An upcoming protocol P proposal is currently in preparation, and will include a revised version of Adaptive Issuance. One of the envisioned changes concerns progressively adjusting the minimum and maximum issuance bounds over time. We believe this change would provide a smoother transition from the current issuance model, when compared to the fixed bounds proposed in the original design.
The team would like to share the design of the progressive min-max for the Adaptive Issuance curve:
We were happy with the Oxford 1 version of the adaptive issuance, and we’re just as happy with this one, as it’s similar but more progressive, which can’t be a bad thing.
Our only concern is: won’t this progressive approach make it much harder to test? Oxford 1 was partly penalized by bugs, so a certain vigilance is necessary to avoid encountering such a situation again.
Thank you for your feedback on our proposal!

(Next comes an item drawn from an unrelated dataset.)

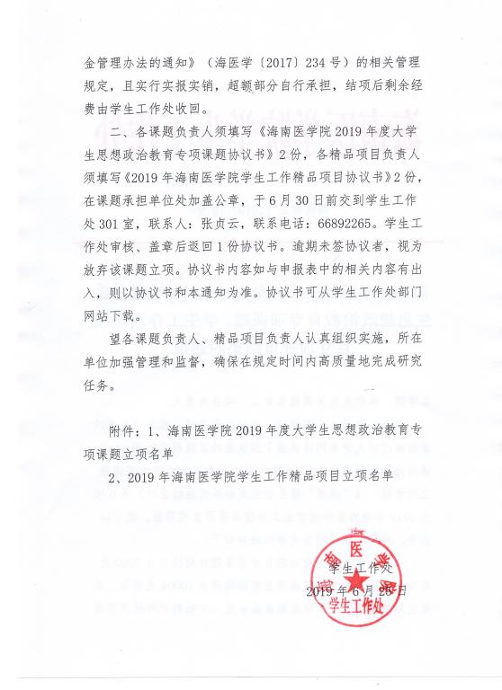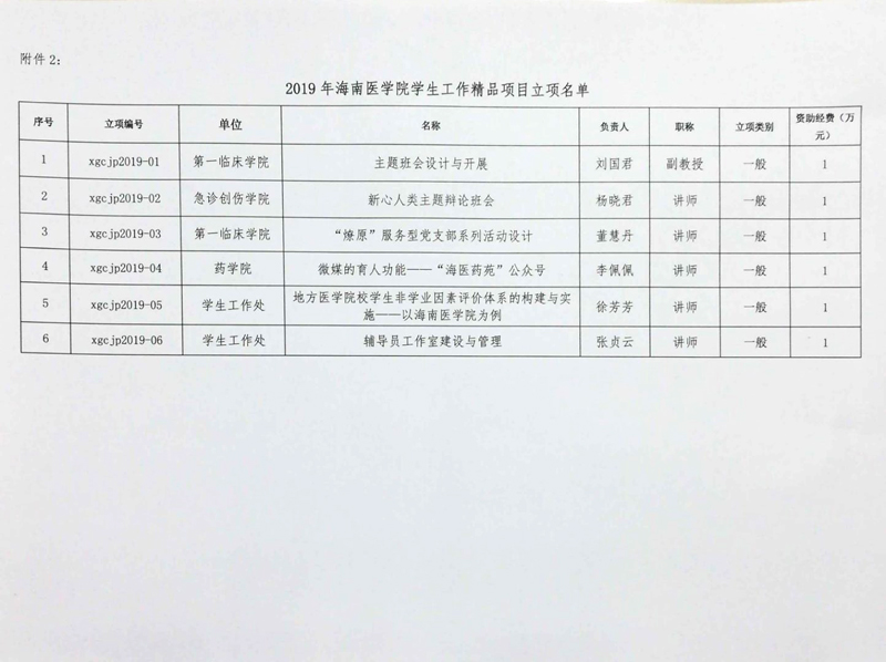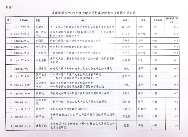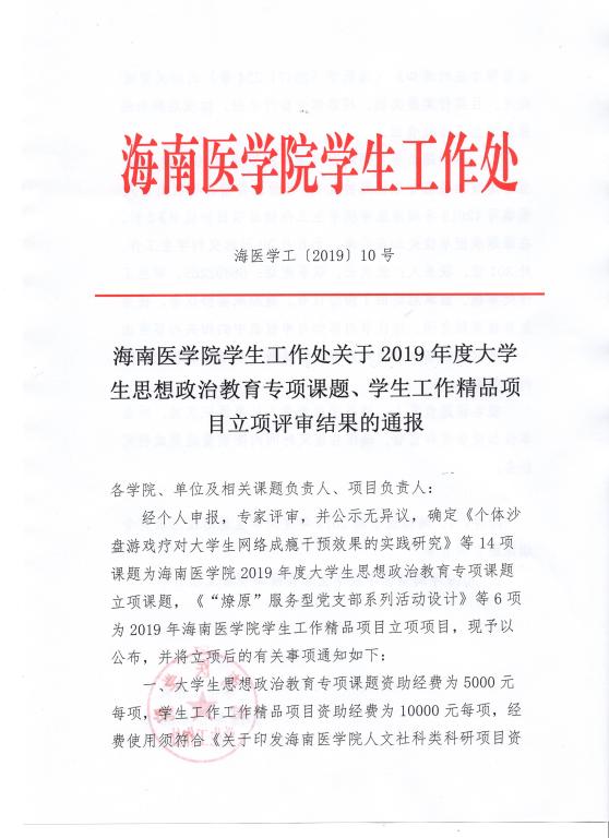 我校学生工作处关于2019年度大学生思想政治教育专项课题、学生工作精品项目立项评审结果的通报

We completely understand your concern about the potential challenges in testing. Rest assured, we share your commitment to maintaining the chain safety. Our team has been proactive in addressing this concern. Since the Oxford release, we have implemented the testing framework for the staking mechanism (previously planned for the lifetime of Oxford) for the code inactive before per-block voting for Adaptive Issuance activation. The progressive min max update to the curve was not that complicated to add. Besides, our implementation is under feature-flag guaranteeing that it will be proposed only once we have successfully run all the tests that we have thought about.